But as diplomats they were protected against arrest and could not be questioned, which obviated the necessity of coming up with some imaginative excuse to explain one’s presence where one was not supposed to be.

Anything less than really outrageous behavior was tolerated by both the United States and Argentina. It was in their mutual interest.

And there was a simple, logical explanation as to why Graham found El Coronel Martín meeting his Brazilian airline flight not surprising. There was no question in Graham’s mind that within an hour of his acquiring the visa— no longer than it had taken to encrypt the message—somebody from the Argentine embassy had gone to Western Union, or Mackay Radio, and sent a cable informing the BIS that Graham was coming to Buenos Aires.

What had somewhat surprised Colonel A. F. Graham were the airplanes that had carried him from Natal, Brazil, to Argentina. They were both Lockheed Lodestars.

He’d flown from Miami to Natal—with fuel stops in Trinidad and Belem— in great luxury aboard a Panagra Boeing 314—the same “Dixie Clipper” that had in January flown President Roosevelt to the Casablanca Conference. It was an enormous forty-two-ton flying boat powered by four 1,600-horsepower engines. Aboard was a bar and comfortable bunks, and first-class food had been served by Panagra stewards in crisply starched white jackets.

They’d spent the night in luxurious accommodations in Belem, then flown the next morning on to Natal, an eight-hour flight during which they had averaged a bit over 125 miles per hour. This was as far south as the big seaplanes went. From Natal, they either flew across the South Atlantic to British Gambia on the African Coast or returned to Miami.

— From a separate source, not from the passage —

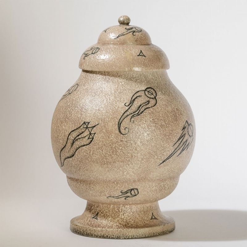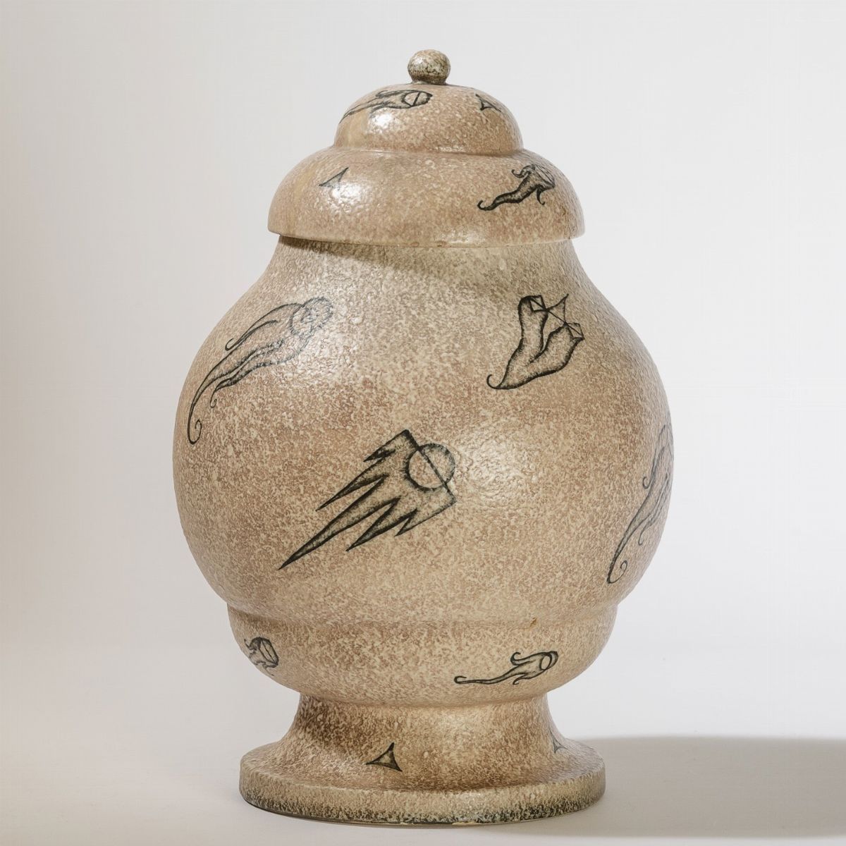 Vaso bombato con coperchio su piede a campana in ceramica con decoro futurista di figure astratte.

The Panagra flights to Natal always carried high-priority supplies and senior officers bound for the large U.S. Army Air Forces base at Brazil’s Pôrto Alegre, and thus routinely were met by a USAAF plane from Pôrto Alegre. The last time Graham had gone to Argentina, that aircraft had been a B-24 and everyone had had to sit on the floor.

This time, the airplane had been a Lodestar—one painted olive drab, making it in USAAF parlance a C-60—fitted out to transport seven passengers in the comfort befitting Air Forces senior officers.

That had made Graham wonder how long there had been a plethora of Lodestars before Hap Arnold had confided in Roosevelt the amazing success of the aircraft production system.

And when he’d gone to the civilian side of the airfield at Pôrto Alegre to board a Varig flight to Buenos Aires, he again had been surprised to see that it too was a Lodestar, also apparently brand new, but this time configured as a normal airliner with seats for fourteen passengers.

The stewardess told him that the Brazilian airline had recently acquired a dozen of the airplanes.

This, of course, forced him to think of Roosevelt’s “suggestion” that Cletus Frade start an airline in Argentina. He wondered if Roosevelt had other reasons for making the suggestion. In his experience with the President, the reason advanced for one idea or another was most often not the real one.

Graham, admiringly, not pejoratively, thought that Franklin Delano Roosevelt could have given lessons in political maneuvering to Niccolò Machiavelli.

Colonel Martín was standing just inside the immigration and customs booths in the terminal.

“Colonel Martín, what a pleasant surprise!” Graham greeted him cheerfully in Spanish, putting out his hand.

“Have a nice flight, did you, Colonel?”

“Actually, I think you’re supposed to call me ‘Mr. Secretary,’ ” Graham said.

“What is that saying of your Corps of Marine infantry, ‘Once a Marine, always a Marine’?”

“And that is actually the ‘Marine Corps’ instead of what you said,” Graham replied. “Tell you what: Why don’t you call me ‘Alejandro’? Or better yet, ‘Alex’?”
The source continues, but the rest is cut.